[PROVIDED ENTRIES — start]
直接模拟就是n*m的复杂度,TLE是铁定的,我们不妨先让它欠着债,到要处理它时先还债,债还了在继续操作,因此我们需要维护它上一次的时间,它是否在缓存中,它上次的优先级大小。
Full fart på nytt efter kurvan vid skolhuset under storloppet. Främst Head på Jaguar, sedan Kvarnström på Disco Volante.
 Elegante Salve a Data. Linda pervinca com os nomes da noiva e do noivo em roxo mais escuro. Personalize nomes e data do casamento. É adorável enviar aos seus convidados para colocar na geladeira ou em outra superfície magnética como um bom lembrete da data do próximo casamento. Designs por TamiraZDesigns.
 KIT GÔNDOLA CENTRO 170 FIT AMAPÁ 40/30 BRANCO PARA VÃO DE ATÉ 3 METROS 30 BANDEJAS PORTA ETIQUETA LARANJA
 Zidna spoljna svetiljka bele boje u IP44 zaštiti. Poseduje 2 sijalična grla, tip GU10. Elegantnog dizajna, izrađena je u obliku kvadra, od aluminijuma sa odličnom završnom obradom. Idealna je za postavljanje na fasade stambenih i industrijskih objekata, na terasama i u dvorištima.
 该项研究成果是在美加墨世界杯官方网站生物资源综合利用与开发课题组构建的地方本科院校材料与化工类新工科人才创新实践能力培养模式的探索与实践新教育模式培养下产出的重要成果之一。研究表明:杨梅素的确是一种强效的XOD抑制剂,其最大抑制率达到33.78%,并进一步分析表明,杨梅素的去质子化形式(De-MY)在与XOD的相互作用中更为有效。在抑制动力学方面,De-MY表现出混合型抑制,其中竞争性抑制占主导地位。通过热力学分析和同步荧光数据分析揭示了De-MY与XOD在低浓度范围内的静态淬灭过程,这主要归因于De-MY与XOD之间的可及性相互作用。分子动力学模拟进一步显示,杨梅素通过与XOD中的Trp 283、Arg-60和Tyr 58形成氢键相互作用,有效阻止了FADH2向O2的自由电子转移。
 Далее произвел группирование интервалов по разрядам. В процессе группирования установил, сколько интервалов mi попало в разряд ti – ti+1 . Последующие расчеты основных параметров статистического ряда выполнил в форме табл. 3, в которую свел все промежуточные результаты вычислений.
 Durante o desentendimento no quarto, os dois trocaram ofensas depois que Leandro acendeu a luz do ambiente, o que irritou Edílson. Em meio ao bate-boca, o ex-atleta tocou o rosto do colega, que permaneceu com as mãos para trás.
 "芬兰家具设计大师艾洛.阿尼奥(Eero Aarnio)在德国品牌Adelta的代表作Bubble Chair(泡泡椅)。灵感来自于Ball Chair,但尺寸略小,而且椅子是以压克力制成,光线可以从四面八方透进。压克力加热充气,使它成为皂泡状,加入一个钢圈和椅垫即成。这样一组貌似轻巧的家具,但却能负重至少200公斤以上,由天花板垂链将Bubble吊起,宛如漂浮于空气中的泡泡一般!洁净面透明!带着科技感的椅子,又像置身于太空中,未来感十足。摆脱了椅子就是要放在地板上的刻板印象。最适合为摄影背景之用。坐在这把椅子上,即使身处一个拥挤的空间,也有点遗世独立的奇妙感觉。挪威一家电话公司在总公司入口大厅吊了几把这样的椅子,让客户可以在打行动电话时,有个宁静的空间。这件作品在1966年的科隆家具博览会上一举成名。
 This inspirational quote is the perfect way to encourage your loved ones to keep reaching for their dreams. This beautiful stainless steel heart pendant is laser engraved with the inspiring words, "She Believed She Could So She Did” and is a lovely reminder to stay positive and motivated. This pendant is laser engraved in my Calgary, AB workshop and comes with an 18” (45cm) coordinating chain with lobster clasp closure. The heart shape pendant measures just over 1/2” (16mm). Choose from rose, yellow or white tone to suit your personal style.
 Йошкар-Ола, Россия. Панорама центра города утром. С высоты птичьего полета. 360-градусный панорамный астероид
[PROVIDED ENTRIES — finish]
• YOUR ASSIGNMENT:
A verbatim transcription is needed of the lines above, starting at the line with "Full fart på" and ending at the line with "Далее произвел группирование", both included, and of nothing else.

• REPLY TO THE TASK:
Full fart på nytt efter kurvan vid skolhuset under storloppet. Främst Head på Jaguar, sedan Kvarnström på Disco Volante.
 Elegante Salve a Data. Linda pervinca com os nomes da noiva e do noivo em roxo mais escuro. Personalize nomes e data do casamento. É adorável enviar aos seus convidados para colocar na geladeira ou em outra superfície magnética como um bom lembrete da data do próximo casamento. Designs por TamiraZDesigns.
 KIT GÔNDOLA CENTRO 170 FIT AMAPÁ 40/30 BRANCO PARA VÃO DE ATÉ 3 METROS 30 BANDEJAS PORTA ETIQUETA LARANJA
 Zidna spoljna svetiljka bele boje u IP44 zaštiti. Poseduje 2 sijalična grla, tip GU10. Elegantnog dizajna, izrađena je u obliku kvadra, od aluminijuma sa odličnom završnom obradom. Idealna je za postavljanje na fasade stambenih i industrijskih objekata, na terasama i u dvorištima.
 该项研究成果是在美加墨世界杯官方网站生物资源综合利用与开发课题组构建的地方本科院校材料与化工类新工科人才创新实践能力培养模式的探索与实践新教育模式培养下产出的重要成果之一。研究表明:杨梅素的确是一种强效的XOD抑制剂,其最大抑制率达到33.78%,并进一步分析表明,杨梅素的去质子化形式(De-MY)在与XOD的相互作用中更为有效。在抑制动力学方面,De-MY表现出混合型抑制,其中竞争性抑制占主导地位。通过热力学分析和同步荧光数据分析揭示了De-MY与XOD在低浓度范围内的静态淬灭过程,这主要归因于De-MY与XOD之间的可及性相互作用。分子动力学模拟进一步显示,杨梅素通过与XOD中的Trp 283、Arg-60和Tyr 58形成氢键相互作用,有效阻止了FADH2向O2的自由电子转移。
 Далее произвел группирование интервалов по разрядам. В процессе группирования установил, сколько интервалов mi попало в разряд ti – ti+1 . Последующие расчеты основных параметров статистического ряда выполнил в форме табл. 3, в которую свел все промежуточные результаты вычислений.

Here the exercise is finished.